>>
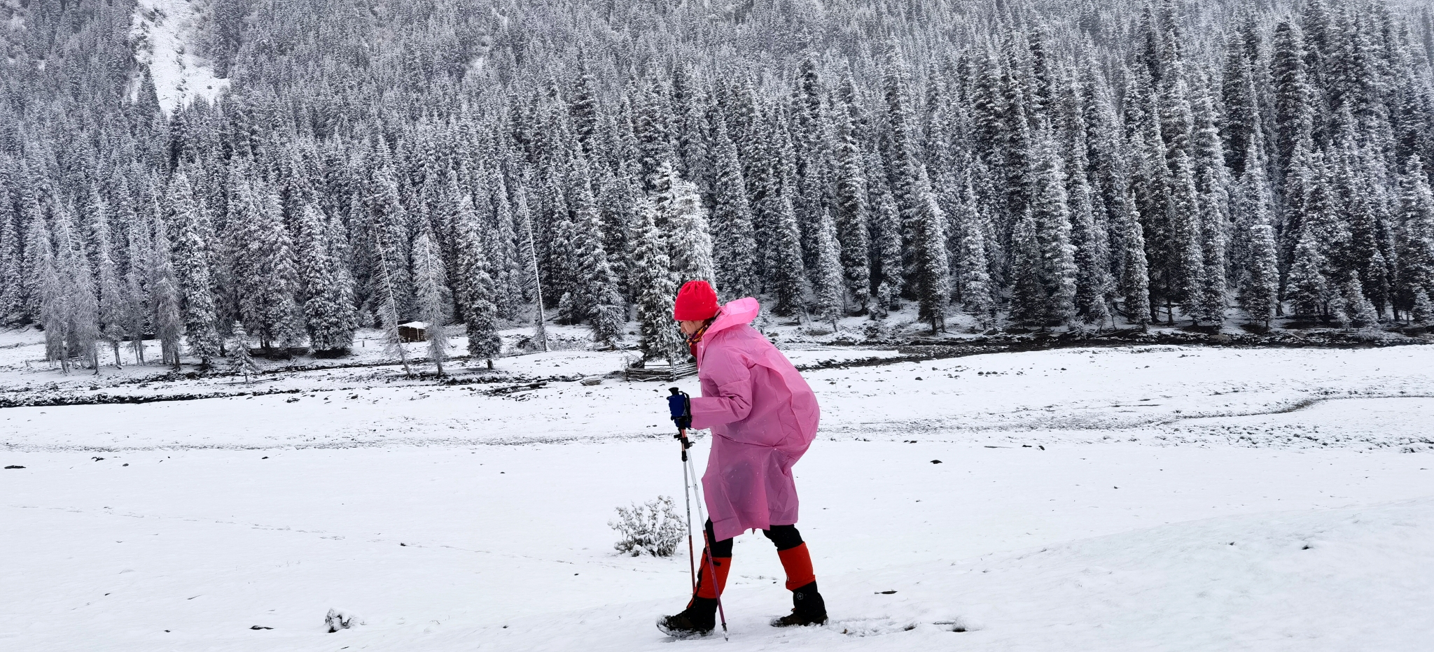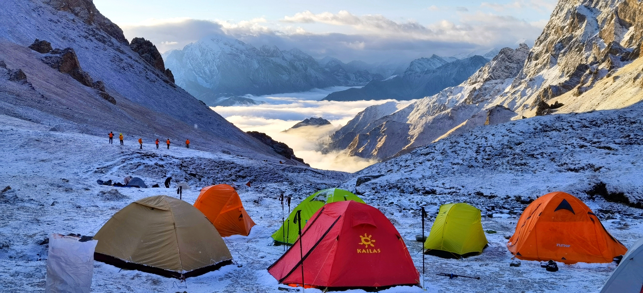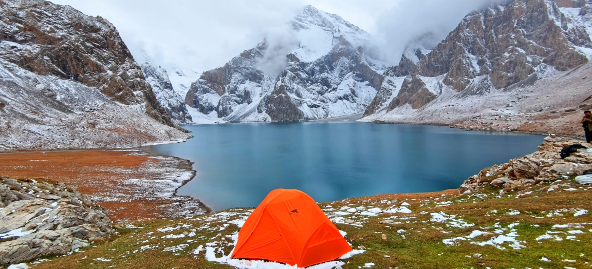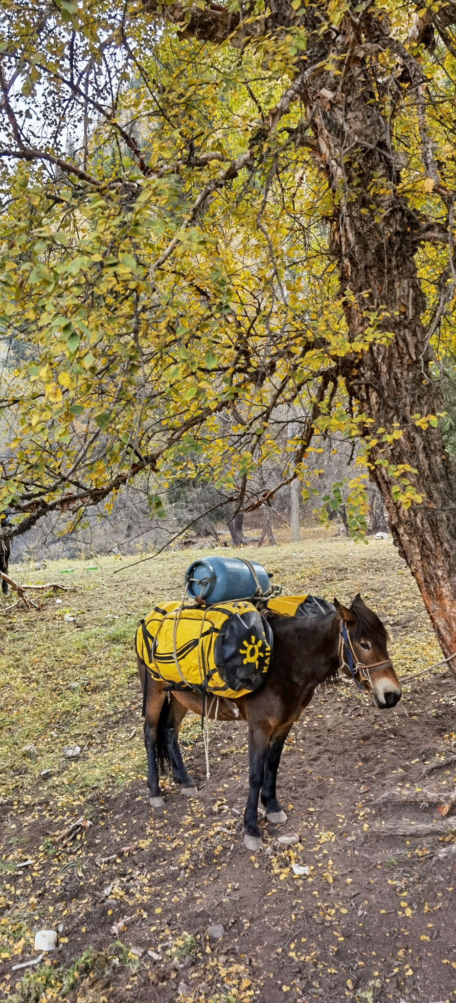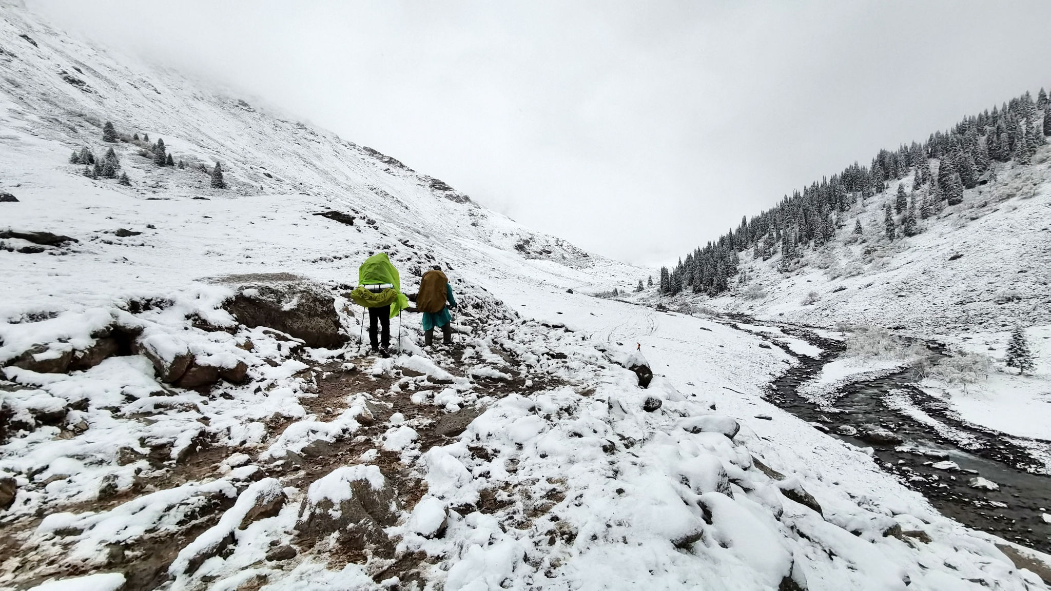 三个小时,拔升300米,抵达海拔2451米的牧民家,在院子扎营。牧民的儿子沙朗就是我们的马夫,男主人51岁,女主人一直在默默地做饭。两个卧室是大炕,也挤满了驴友。半夜一点开始下雪,早上所有帐篷都被雪覆盖,睡袋也变得非常潮湿。
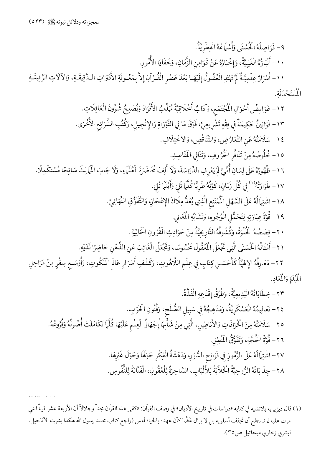 (1) قال ديزيريه بلا نشيه في كتابه «دراسات في تاريخ الأديان» في وصف القرآن: «كفى هذا القرآن مجدا وجلالا أن الأربعة عشر قرنا التي مرت عليه لم تستطع أن تجفف أسلوبه بل لا يزال غضّا كأن عهده بالحياة أمس (راجع كتاب محمد رسول الله هكذا بشرت الأناجيل. لبشري زخاري ميخائيل ص 35) .
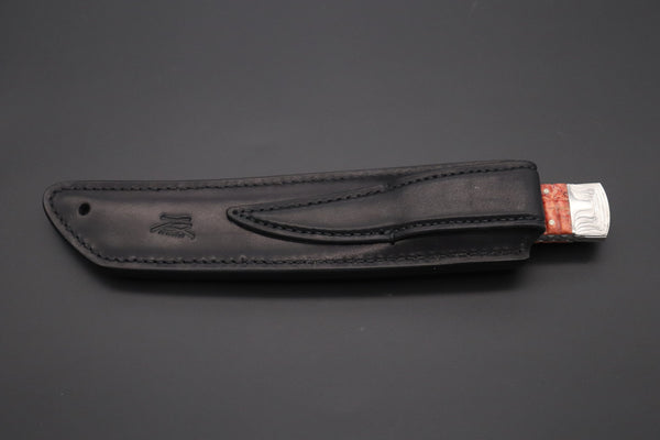 This exquisite Custom Knife represents the culmination of Koji Hara’s 76 years of life and craftsmanship — a one-of-a-kind creation that fuses elegance, tradition, and innovation. As one of Japan’s most revered custom knifemakers, Koji Hara brings his signature "Air Step" technique to this refined piece, which evokes both Japanese cultural motifs and modern slimline form.
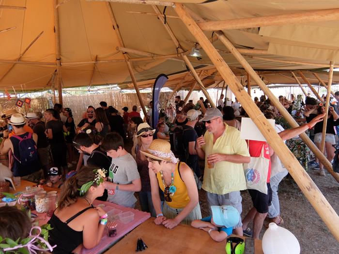 Rien n'a changé ici ! Programmation au poil, jauge raisonnable, accueil sympa, cadre quasiment idyllique et créativité des sides attractions (y compris pour les kids - confection de collier de bonbons, instruments bricolo électro-zarbis, console de jeux où l'on joue avec une fourchette et une cuiller, etc etc), pour les grands un choix très correct de bières (Grim ambrée en pression ? super !) et une qualité constante de la nourriture (cette année il y a même des glaces - à cause de nos menaces amicales de l'an passé ?). On en a déjà fait des tartines sur de précédentes chroniques pour expliquer tout le bien qu'on pensait du plus grand des petits festivals, les liens sont en bas de page, si besoin ! Petite nouveauté, trois vraies scènes dehors - à vrai dire notre petit programme du jour ne nous amènera pas vraiment dedans, et notamment pas dans la "huuuuuge venue", en tout cas pour cette fois.
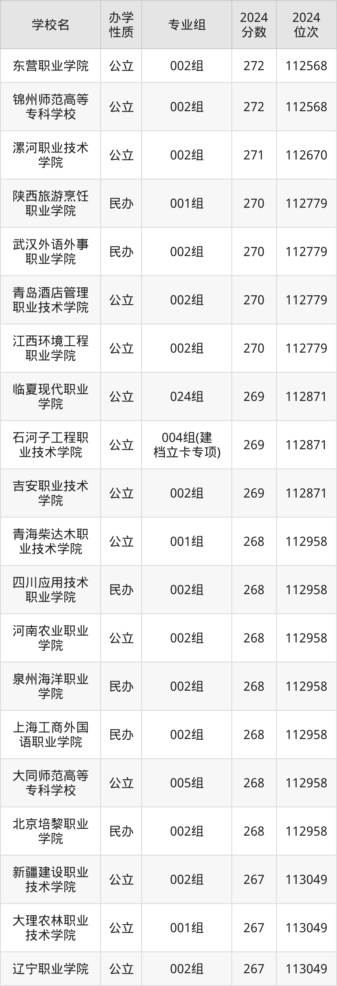2024年甘肃物理类267分考生能上东营职业学院、锦州师范高等专科学校、漯河职业技术学院、陕西旅游烹饪职业学院、武汉外语外事职业学院等33所专科院校,具体录取分数线及位次为:
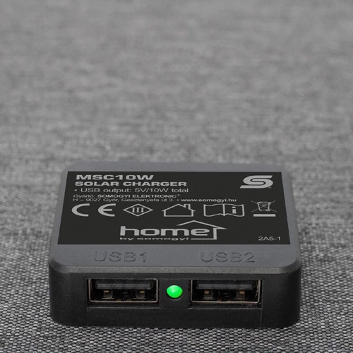 HOME MSC10W hordozható napelemes USB töltő, összecsukható, 10Watt, 2xUSB, LED töltésjelző, felakasztható, tartozék karabinerekkel
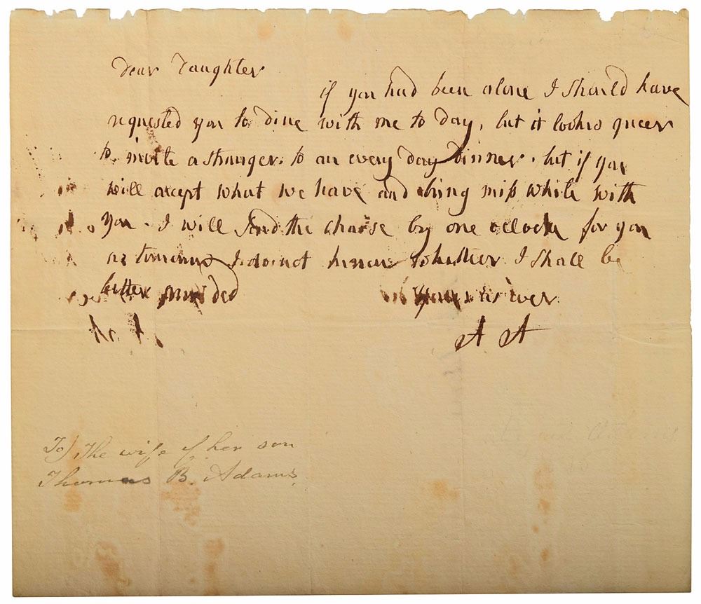Scarce ALS signed “A. A.,” one page, 7.25 x 5.75, no date. Letter to the wife of her son Thomas B. Adams, addressed, "Dear Daughter," in part: "If you had been alone I should have requested you to dine with me to day, but it looked queer to invite a stranger to an every day dinner. But if you will accept what we have and bring miss white with you, I will send the chaise by one o'clock for you." Also addressed on the reverse in her own hand, "Miss Adams." In fine condition, with scattered light staining.
<<
> Exercise objective: From the first line through the line with "This exquisite Custom", output those lines of the entries above exactly, and nothing else, with the pictures left out.

> Task answer:
 三个小时,拔升300米,抵达海拔2451米的牧民家,在院子扎营。牧民的儿子沙朗就是我们的马夫,男主人51岁,女主人一直在默默地做饭。两个卧室是大炕,也挤满了驴友。半夜一点开始下雪,早上所有帐篷都被雪覆盖,睡袋也变得非常潮湿。
 (1) قال ديزيريه بلا نشيه في كتابه «دراسات في تاريخ الأديان» في وصف القرآن: «كفى هذا القرآن مجدا وجلالا أن الأربعة عشر قرنا التي مرت عليه لم تستطع أن تجفف أسلوبه بل لا يزال غضّا كأن عهده بالحياة أمس (راجع كتاب محمد رسول الله هكذا بشرت الأناجيل. لبشري زخاري ميخائيل ص 35) .
 This exquisite Custom Knife represents the culmination of Koji Hara’s 76 years of life and craftsmanship — a one-of-a-kind creation that fuses elegance, tradition, and innovation. As one of Japan’s most revered custom knifemakers, Koji Hara brings his signature "Air Step" technique to this refined piece, which evokes both Japanese cultural motifs and modern slimline form.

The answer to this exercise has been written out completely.